WHAT YOU NEED TO DO: Below are lines of data; restate word for word those running from the line containing "本次送温暖活动采取发放棉衣形" to the line containing "이 경우 프로젝트 표준", inclusive, and no others.

LISTED ENTRIES:
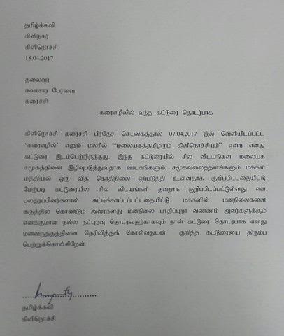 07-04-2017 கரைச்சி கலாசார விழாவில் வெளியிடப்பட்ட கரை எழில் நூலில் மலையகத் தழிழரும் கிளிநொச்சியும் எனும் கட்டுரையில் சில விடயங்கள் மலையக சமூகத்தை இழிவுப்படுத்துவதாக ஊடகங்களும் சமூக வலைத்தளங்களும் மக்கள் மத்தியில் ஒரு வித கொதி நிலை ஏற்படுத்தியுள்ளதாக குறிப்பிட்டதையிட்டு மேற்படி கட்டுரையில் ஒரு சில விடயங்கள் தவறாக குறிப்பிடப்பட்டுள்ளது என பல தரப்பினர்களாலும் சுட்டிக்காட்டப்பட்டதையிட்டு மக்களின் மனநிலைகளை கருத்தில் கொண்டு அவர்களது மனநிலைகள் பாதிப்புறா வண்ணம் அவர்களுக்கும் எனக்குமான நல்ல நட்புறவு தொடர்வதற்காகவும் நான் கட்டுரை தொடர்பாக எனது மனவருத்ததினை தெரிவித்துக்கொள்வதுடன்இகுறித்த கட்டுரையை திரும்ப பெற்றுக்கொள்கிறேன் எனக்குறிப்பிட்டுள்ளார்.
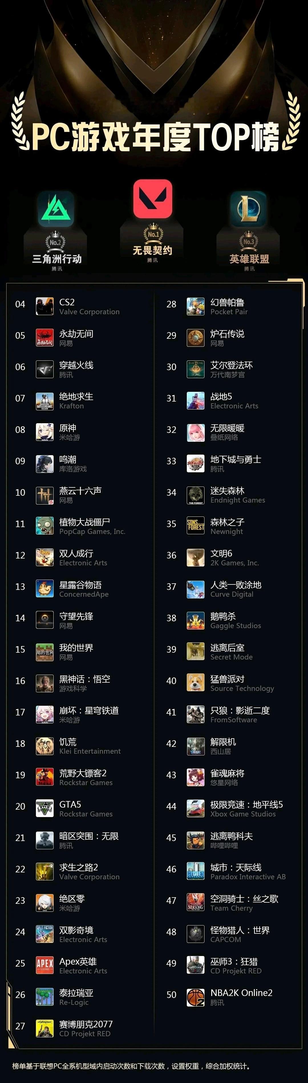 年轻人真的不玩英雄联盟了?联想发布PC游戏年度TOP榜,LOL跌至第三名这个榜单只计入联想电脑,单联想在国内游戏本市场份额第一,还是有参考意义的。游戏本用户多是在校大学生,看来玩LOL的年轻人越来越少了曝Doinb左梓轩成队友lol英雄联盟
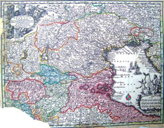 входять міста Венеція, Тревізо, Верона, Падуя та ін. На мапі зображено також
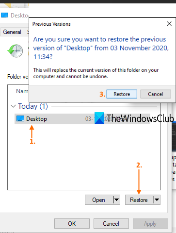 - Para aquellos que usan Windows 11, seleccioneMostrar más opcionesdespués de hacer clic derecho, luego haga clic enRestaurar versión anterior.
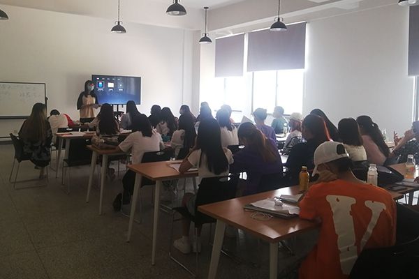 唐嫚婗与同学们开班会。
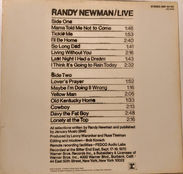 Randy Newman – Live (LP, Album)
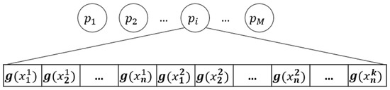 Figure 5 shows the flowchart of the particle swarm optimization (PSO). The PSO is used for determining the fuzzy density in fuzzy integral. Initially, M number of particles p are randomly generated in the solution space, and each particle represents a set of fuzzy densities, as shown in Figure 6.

---

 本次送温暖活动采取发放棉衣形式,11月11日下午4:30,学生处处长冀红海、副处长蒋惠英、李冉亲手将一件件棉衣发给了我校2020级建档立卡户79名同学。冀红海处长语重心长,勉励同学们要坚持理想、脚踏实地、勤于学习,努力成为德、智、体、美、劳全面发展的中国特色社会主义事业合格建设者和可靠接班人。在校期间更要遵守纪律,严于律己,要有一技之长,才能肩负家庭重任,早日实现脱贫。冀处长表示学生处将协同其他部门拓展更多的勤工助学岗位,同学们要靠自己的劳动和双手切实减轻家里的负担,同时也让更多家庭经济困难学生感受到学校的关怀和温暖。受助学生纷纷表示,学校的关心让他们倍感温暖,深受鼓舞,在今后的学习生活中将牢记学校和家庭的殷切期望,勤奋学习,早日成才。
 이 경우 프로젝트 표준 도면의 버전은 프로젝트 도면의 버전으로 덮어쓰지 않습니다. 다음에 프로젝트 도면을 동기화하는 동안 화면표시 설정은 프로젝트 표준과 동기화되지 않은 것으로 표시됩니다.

--

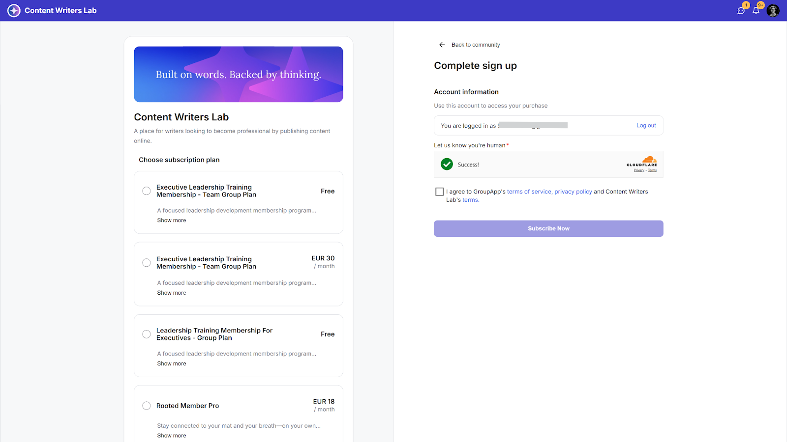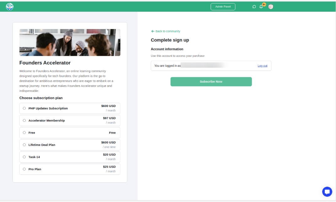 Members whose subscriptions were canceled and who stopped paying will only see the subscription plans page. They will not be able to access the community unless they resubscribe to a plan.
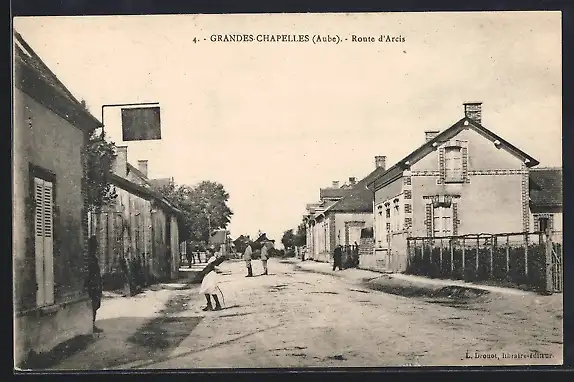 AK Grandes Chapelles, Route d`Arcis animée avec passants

YOUR RESPONSE:
 本次送温暖活动采取发放棉衣形式,11月11日下午4:30,学生处处长冀红海、副处长蒋惠英、李冉亲手将一件件棉衣发给了我校2020级建档立卡户79名同学。冀红海处长语重心长,勉励同学们要坚持理想、脚踏实地、勤于学习,努力成为德、智、体、美、劳全面发展的中国特色社会主义事业合格建设者和可靠接班人。在校期间更要遵守纪律,严于律己,要有一技之长,才能肩负家庭重任,早日实现脱贫。冀处长表示学生处将协同其他部门拓展更多的勤工助学岗位,同学们要靠自己的劳动和双手切实减轻家里的负担,同时也让更多家庭经济困难学生感受到学校的关怀和温暖。受助学生纷纷表示,学校的关心让他们倍感温暖,深受鼓舞,在今后的学习生活中将牢记学校和家庭的殷切期望,勤奋学习,早日成才。
 이 경우 프로젝트 표준 도면의 버전은 프로젝트 도면의 버전으로 덮어쓰지 않습니다. 다음에 프로젝트 도면을 동기화하는 동안 화면표시 설정은 프로젝트 표준과 동기화되지 않은 것으로 표시됩니다.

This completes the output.